Task details: Every line of the listing that holds the word "with" should be returned.

Dataset records Block Start

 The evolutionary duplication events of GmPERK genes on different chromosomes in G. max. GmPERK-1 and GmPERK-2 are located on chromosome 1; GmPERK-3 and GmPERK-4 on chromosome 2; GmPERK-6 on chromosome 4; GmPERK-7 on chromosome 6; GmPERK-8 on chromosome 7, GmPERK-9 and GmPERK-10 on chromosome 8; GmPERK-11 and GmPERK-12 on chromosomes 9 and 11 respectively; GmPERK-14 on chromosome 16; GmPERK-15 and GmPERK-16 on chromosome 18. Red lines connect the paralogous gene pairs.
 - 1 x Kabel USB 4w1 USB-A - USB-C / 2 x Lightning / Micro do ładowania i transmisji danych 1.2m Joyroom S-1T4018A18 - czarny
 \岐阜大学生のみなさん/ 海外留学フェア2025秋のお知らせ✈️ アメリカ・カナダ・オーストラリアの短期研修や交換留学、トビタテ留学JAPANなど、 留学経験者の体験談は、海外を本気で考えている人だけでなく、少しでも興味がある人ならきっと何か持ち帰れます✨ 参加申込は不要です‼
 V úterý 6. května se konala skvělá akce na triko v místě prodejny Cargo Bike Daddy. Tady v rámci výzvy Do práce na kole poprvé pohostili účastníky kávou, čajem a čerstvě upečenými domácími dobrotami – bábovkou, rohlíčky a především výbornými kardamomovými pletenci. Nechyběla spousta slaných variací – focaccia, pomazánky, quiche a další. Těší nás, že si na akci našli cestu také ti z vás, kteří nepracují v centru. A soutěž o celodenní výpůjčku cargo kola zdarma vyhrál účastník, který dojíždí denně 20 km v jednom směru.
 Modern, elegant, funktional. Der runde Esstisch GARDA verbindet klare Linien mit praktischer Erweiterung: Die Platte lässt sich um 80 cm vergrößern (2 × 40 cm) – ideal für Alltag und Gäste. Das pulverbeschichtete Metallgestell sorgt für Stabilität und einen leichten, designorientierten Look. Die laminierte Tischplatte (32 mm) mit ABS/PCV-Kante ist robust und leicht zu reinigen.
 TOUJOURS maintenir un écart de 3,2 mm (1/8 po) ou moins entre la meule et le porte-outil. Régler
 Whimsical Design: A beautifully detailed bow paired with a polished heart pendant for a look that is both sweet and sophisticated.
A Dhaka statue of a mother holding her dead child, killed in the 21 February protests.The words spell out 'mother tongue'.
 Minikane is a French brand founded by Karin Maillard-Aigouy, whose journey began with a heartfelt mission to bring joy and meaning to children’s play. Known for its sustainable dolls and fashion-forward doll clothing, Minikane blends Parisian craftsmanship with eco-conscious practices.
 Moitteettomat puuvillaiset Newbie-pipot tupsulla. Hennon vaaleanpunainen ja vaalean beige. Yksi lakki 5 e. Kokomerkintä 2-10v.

Dataset records Block End

Result for this task:
 Whimsical Design: A beautifully detailed bow paired with a polished heart pendant for a look that is both sweet and sophisticated.
 Minikane is a French brand founded by Karin Maillard-Aigouy, whose journey began with a heartfelt mission to bring joy and meaning to children’s play. Known for its sustainable dolls and fashion-forward doll clothing, Minikane blends Parisian craftsmanship with eco-conscious practices.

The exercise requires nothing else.